А чего стоит одно сознание того, что ты сам волен распоряжаться собственной жизнью! Волен сам решать, жить или не жить. Заключенному ведь не дают такого выбора: отбирают ремень, подтяжки, срезают металлические пуговицы, отнимают шнурки, сохраняют круглосуточное освещение, наблюдают через глазок, постоянно обыскивают, не разрешают днем спать, ночью тревожат. И все это, как ни странно, для того, чтобы лишить заключенного возможности покончить с собой. А теперь представим себе, что удалось (это невероятно!) припрятать где-то, допустим, в рукаве, в манжете рубашки, лезвие бритвы! А? Это создает ликующее чувство независимости! Это ощущение безграничной свободы! «Вы всеми силами держите меня в тюрьме и понятия не имеете, что я в любой миг, зависящий только от меня, могу освободиться от вашей власти и уйти совсем!» А мне действительно удалось кое-что припрятать в манжете рубашки: на ботинках когда-то были металлические крючки для шнурков. При досмотре крючки были вырваны. Один случайно остался. Я его вынул, выпрямил, наточил на цементном полу, спрятал и стал независим. Я – что? Очень хотел умереть? Отнюдь! Я хотел жить. Но я не хотел, чтобы это зависело от кого-то. «Я! Я сам! Я так хочу! Я могу!.»

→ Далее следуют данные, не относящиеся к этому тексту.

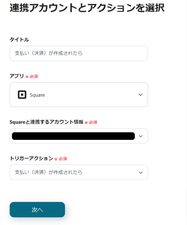 今回のフローは「Squareで決済が完了したらAirtableに登録する」というものです。
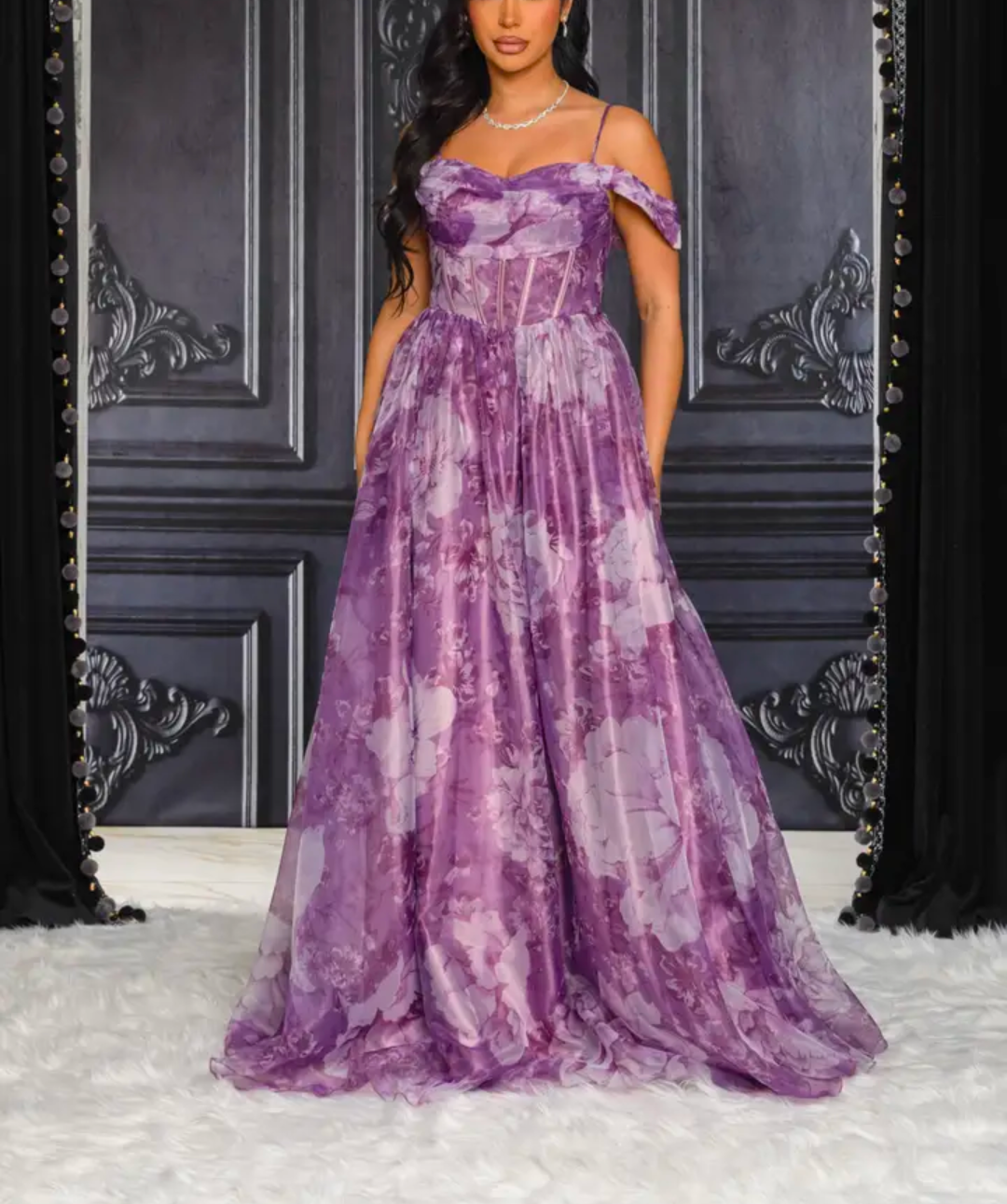 Floral print organza maxi dress with adjustable straps, full lining, sweetheart neckline, corset waist, no slit, and back zipper. Dress does not stretch.

Я много двигался – пять, десять километров в день отмерял. Работал обязательно. Как? Например, штопал носки. Занятие? О, это была сложная и интересная процедура! Во-первых, нужно найти и сохранить «иголку» – подходящую рыбью кость. Во-вторых, добыть нитки из этого же носка, распустив немного верхнюю часть. Дальше носок надевается на деревянную ложку, затем «иголкой» делается дырочка в нужном месте, нитку кончиком вдеваешь осторожненько в дырочку и протягиваешь. Потом то же самое – в обратную сторону. И еще… И еще… Много раз. А потом сооружается поперек плетеночка-клеточка. Наконец после многих переделок – классическая штопка готова, размером 5 на 5 сантиметров. А прошло дней десять! Это ведь тоже была своеобразная форма протеста, форма вызова: трудиться не разрешалось. Заключенный должен чувствовать себя все время безнадежно угнетенным, одиноким, подавленным, беспомощным, слабым, виноватым во всем, в чем бы его ни обвинял следователь! Адская система воздействия на психику узника! А тут вдруг человек, уверенный в себе! Разрушается система! Это помогло выжить, сохранить человеческое достоинство, быть готовым встретить любые трудности, любые неожиданности.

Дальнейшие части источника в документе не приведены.